Assistant Manager Data Engineer - Deloitte Support Services India Private Limited
Key Responsibilities/Job Duties:
With 6 8 years of hands-on experience developing applications leveraging the following skills.
Build and Optimize Data Pipelines: Develop, maintain, and optimize scalable ETL pipelines using PySpark, Python, and Databricks. Ensure efficient data movement and transformation across structured and unstructured data sources.
Databricks Implementation: Work on the Databricks platform to design and implement robust data solutions, including Delta Lake architecture for efficient data storage and processing.
SQL Query Development: Create and optimize complex SQL queries for analytics and reporting purposes.
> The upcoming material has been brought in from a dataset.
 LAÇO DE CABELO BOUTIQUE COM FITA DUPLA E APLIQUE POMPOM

Collaborate with analytics teams to ensure fast and efficient query execution.
Performance Tuning: Conduct performance tuning for Spark jobs and ETL processes. Optimize cluster configurations, caching strategies, and parallelism to improve runtime efficiency and reduce costs.
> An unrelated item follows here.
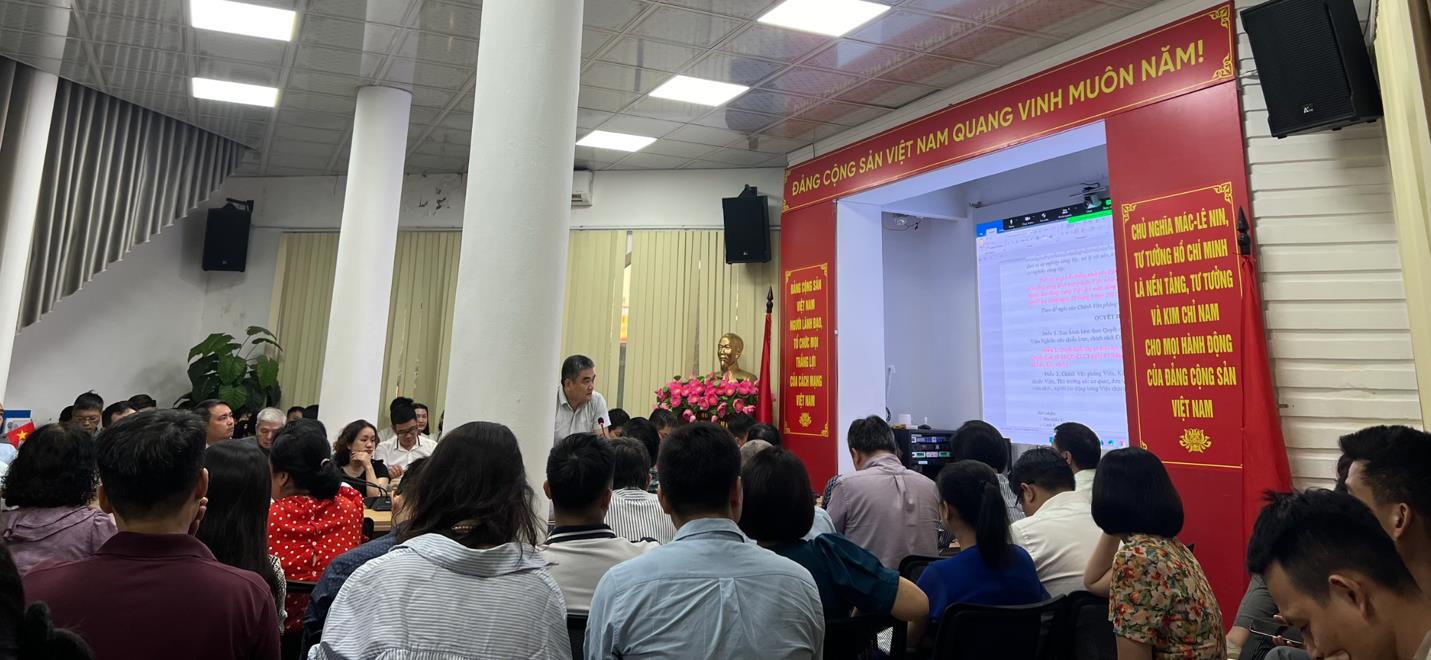 Cuộc họp diễn ra dưới hai hình thức trực tiếp tại tầng 1 của Viện và tầng 2 qua ứng dụng Zoom online. Cuộc họp với sự tham gia của toàn thể cán bộ công chức, viên chức và người lao động Viện Nghiên cứu chiến lược, chính sách Công Thương .

Data Governance and Security: Implement data security measures, including data masking, encryption, and fine-grained access controls. Utilize Databricks Unity Catalog to manage schemas, tables, and data lineage tracking.
Collaboration Across Teams: Work closely with data architects, analysts, and scientists to understand requirements and deliver high-quality data solutions that support analytics and machine learning workflows.
Automation and CI/CD: Integrate data workflows into CI/CD pipelines using tools like Azure DevOps and Git. Automate deployment processes for data pipelines and ensure consistency in releases.
Cloud Data Platform Expertise: Leverage Azure cloud services (e.g., Azure Data Lake Storage, Azure Blob Storage) for data storage and processing. Ensure efficient resource utilization and scalability of cloud-based solutions.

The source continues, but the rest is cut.